Unsafe dictionary iteration in async context causes `RuntimeError` during Bitswap file sharing ( Universal Connectivity DApp ). #1238

sumanjeet0012 · 2026-02-22T20:00:26Z

sumanjeet0012
Feb 22, 2026

Summary

Using the Bitswap protocol for file sharing (via MerkleDag.fetch_file() → BitswapClient.get_block()) causes a RuntimeError: dictionary changed size during iteration crash. The error occurs because multiple methods across pubsub.py, bitswap/client.py, swarm.py, and gossipsub.py iterate over shared dictionaries using live views (.values(), .items(), .keys(), or the dict itself) while concurrent trio tasks — or synchronous callbacks within the same loop body — mutate those same dictionaries.

This is not a Bitswap-specific bug. The unsafe iteration patterns exist in core pubsub and swarm code and can be triggered by any workload that causes concurrent peer churn + message broadcasting — Bitswap file transfers just happen to reliably expose it.

Environment

py-libp2p version: 0.6.0 (latest main as of Feb 2026)
Python: 3.12
Async runtime: trio
OS: macOS (Apple Silicon), but the bug is platform-independent

How to reproduce

Run two py-libp2p peers connected via GossipSub + Bitswap
Share a file from peer A (chunk with MerkleDag, store blocks, publish CID via pubsub)
Download the file on peer B (MerkleDag.fetch_file() → sequential get_block() calls)
Crash occurs on the first or second download attempt with:

RuntimeError: dictionary changed size during iteration

The crash is non-deterministic but highly reproducible under any peer churn (peers connecting/disconnecting while pubsub messages are being broadcast).

Root cause

In Python, iterating over a dictionary view (.keys(), .values(), .items(), or the dict directly) while another piece of code adds or removes entries raises RuntimeError.

With trio's cooperative multitasking, every await inside a for loop is a yield point — other nursery tasks can run at that exact moment and mutate shared state. Additionally, synchronous callbacks (like exception handlers) can mutate the dict being iterated within the same call frame.

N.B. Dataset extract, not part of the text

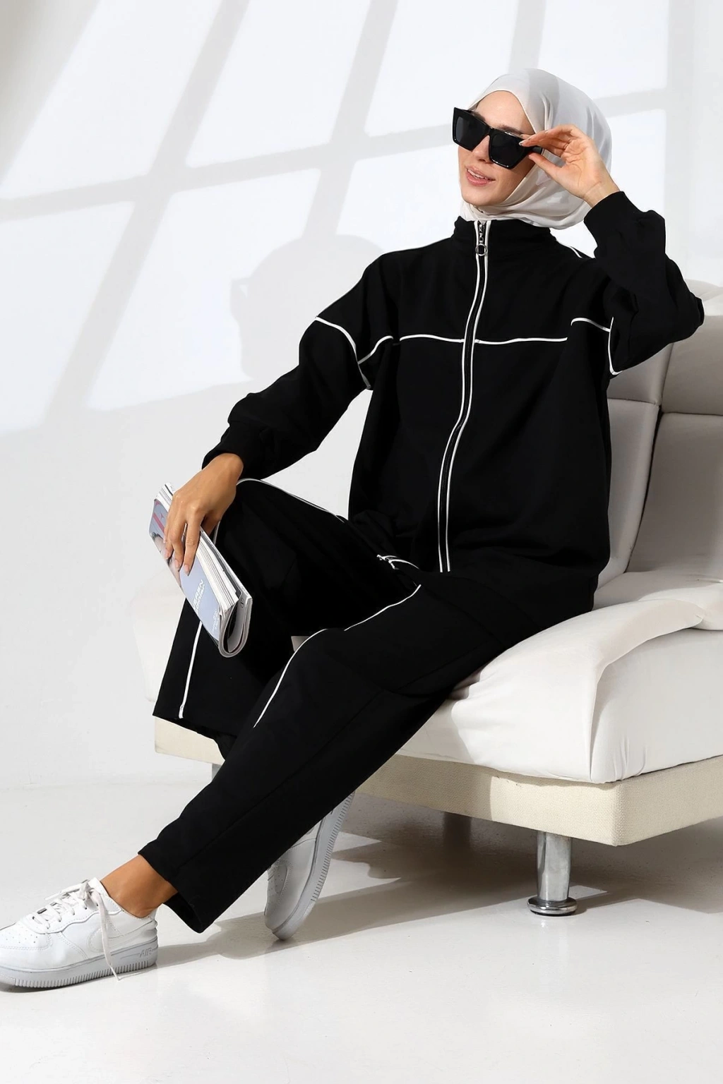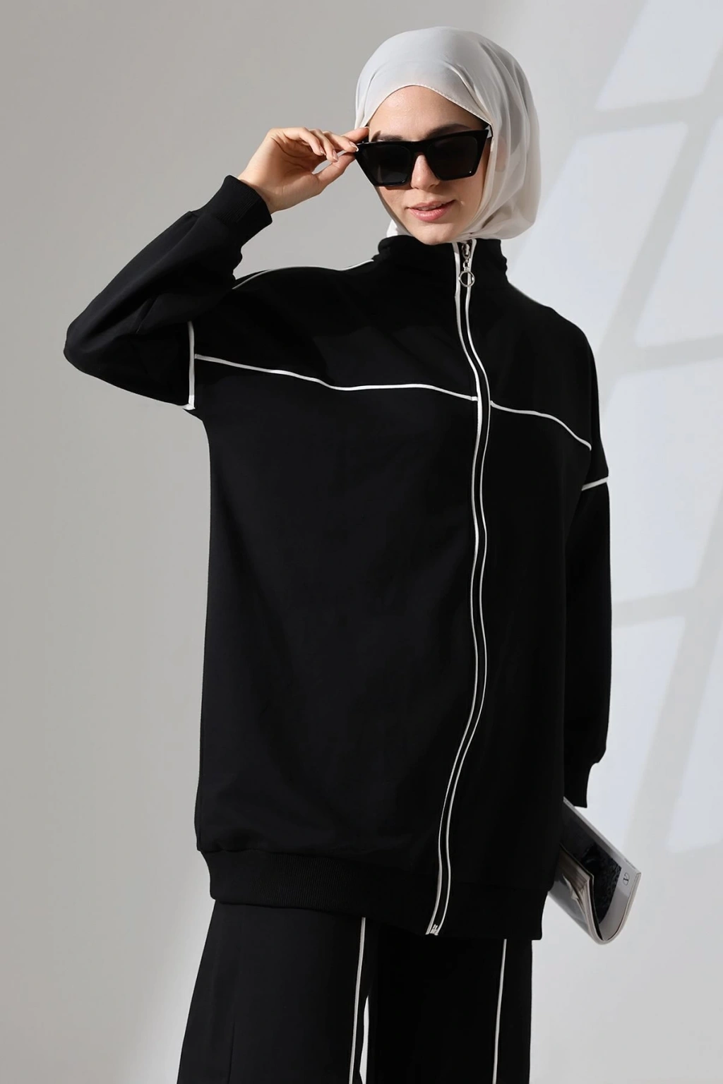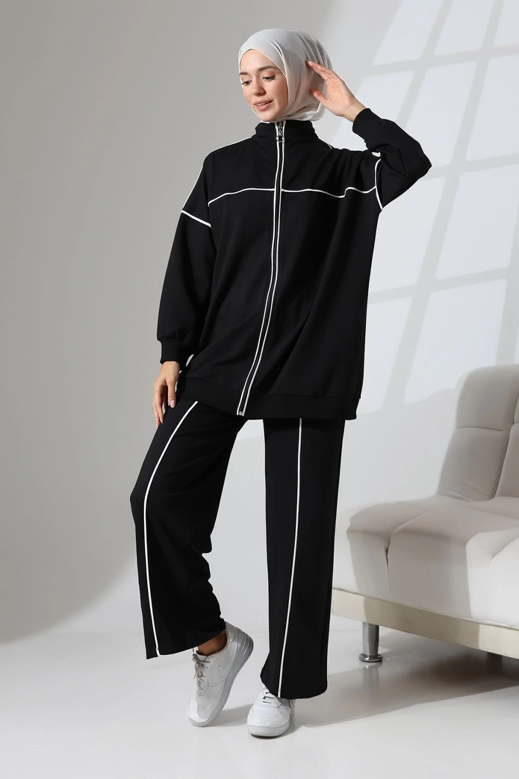 • Kadın Mevsimlik Penye Alt Üst Spor ve Rahat Tesettür Takım • Mihran Butik'in rahat ve şık 2 iplik penye kumaş takımı, günlük yaşamınıza konfor ve stil katıyor. ; %80 pamuk, %15 polyester ve %5 likra karışımından üretilen bu takım, her mevsim giyilebilir özelliğiyle gardırobunuzun vazgeçilmezi olacak. ; • Beden Önerisi: 55-62 kg S Beden, 63-70 kg M Beden, 71-80 kg L Beden, 81-90 kg XL Beden • Ürün Özellikleri: Kumaş Detayı: %80 Pamuk, %15 Polyester, %5 Likra, Beden Seçenekleri: S, M, L, XL Mevsim: 4 Mevsim giyilebilir, Kalıp: Rahat kesim, Takım Detayı: Pantolon ve üst olarak iki parçadan oluşur, Pantolon Özellikleri: Cepsiz, beli lastikli, geniş paça, Üst Özellikleri: Dik yaka, fermuarlı, Detaylar: Alt ve üst biyeli detaylar • Manken Ölçüleri: Boy: 175 cm Göğüs: 84 cm Bel: 63 cm Basen: 90 cm Mankenin Giydiği Beden: M • Renk Seçenekleri: Kahverengi, Lacivert, Siyah, Gül Kurusu, Benetton Yeşili, Turuncu, Haki, Saks Mavisi, Mint Yeşili, Siyah. ; • Teknik Bilgileri: S Beden: Göğüs: 62cm, Bel: 63cm, Boy 80cm, M Beden: Göğüs: 64cm, Bel: 65cm, Boy: 781cm, L Beden: Göğüs: 66cm, Bel: 67cm, Boy: 82cm, XL Beden: Göğüs: 68cm, Bel: 69cm, Boy: 83cm • Mihran Butik'in bu rahat ve şık takımıyla hem rahatlığınızı ön planda tutun hem de tarzınızı yansıtın. ; Geniş renk ve beden seçenekleriyle her zevke hitap eden bu takım, gardırobunuzda mutlaka yer almalı! • Ürününüzü daha uzun kullanabilmeniz ve ürününüze uygun bakım yapabilmeniz için lütfen ürün içerisindeki yıkama talimatlarına uyunuz. ; • Stüdyo çekimlerinde renkler ışık farklılığından dolayı değişiklik gösterebilir.;

Primary crash site: `Pubsub.message_all_peers()`

# libp2p/pubsub/pubsub.py
async def message_all_peers(self, raw_msg: bytes) -> None:
    for stream in self.peers.values():          # ← live dict view
        try:
            await stream.write(...)             # ← yield point (other tasks can mutate self.peers)
        except StreamClosed:
            peer_id = stream.muxed_conn.peer_id
            self._handle_dead_peer(peer_id)     # ← does `del self.peers[peer_id]` mid-iteration!

Two problems here:

_handle_dead_peer() does del self.peers[peer_id] synchronously inside the loop body's except handler — this directly mutates the dict the for loop is iterating over.
await stream.write(...) is a yield point where other concurrent tasks (dead peer handler, new peer handler) can add/remove entries from self.peers.

All affected locations

I've identified 13 unsafe iteration patterns across 4 files:

`libp2p/pubsub/pubsub.py` (3 issues)

Method	Line	Pattern	Why it crashes
`message_all_peers`	~769	`for stream in self.peers.values()`	`_handle_dead_peer()` deletes from `self.peers` mid-iteration; `await` yield points
`_handle_dead_peer`	~600	`for topic in self.peer_topics`	Concurrent calls can mutate `self.peer_topics`
`_teardown_if_connected`	~471	`for _topic, peerset in self.peer_topics.items()`	Concurrent mutation of `self.peer_topics`

`libp2p/bitswap/client.py` (7 issues)

Method	Pattern	Why it crashes
`_broadcast_wantlist`	`peers = self.host.get_network().connections.keys()`	Live dict view; connections change during broadcast
`_broadcast_cancel`	`peers = self.host.get_network().connections.keys()`	Same; plus `await new_stream()` is a yield point
`_request_block` finally	`await self.cancel_want(cid)` + `del self._pending_requests[cid]`	Opens streams during cleanup while other tasks iterate
`_read_responses_from_stream` finally	`for i, cid in enumerate(self._expected_blocks[peer_id])` + `del self._expected_blocks[peer_id]`	Iterates set while concurrent block processing discards from it
`_process_blocks_v100`	`for pid in self._expected_blocks`	Iterates dict while other tasks add/remove peer entries
`_process_blocks_v110`	`for peer_id in self._expected_blocks`	Same pattern
`_notify_peers_about_block`	`for peer_id, wantlist in self._peer_wantlists.items()`	Live dict view with `await` yield points in the loop body

`libp2p/network/swarm.py` (2 issues)

Method	Pattern	Why it crashes
`get_connections`	`for conns in self.connections.values()`	Connection dict mutated by concurrent connect/disconnect
`connections_legacy`	`for peer_id, conns in self.connections.items()`	Same

`libp2p/pubsub/gossipsub.py` (1 issue)

Method	Pattern	Why it crashes
`leave`	`for peer in self.mesh[topic]` with `await self.emit_prune(...)`	Set iteration with `await` yield point inside loop

Proposed fix

The fix is straightforward and mechanical: snapshot all shared collections before iterating them using list(), and defer mutations until after iteration completes.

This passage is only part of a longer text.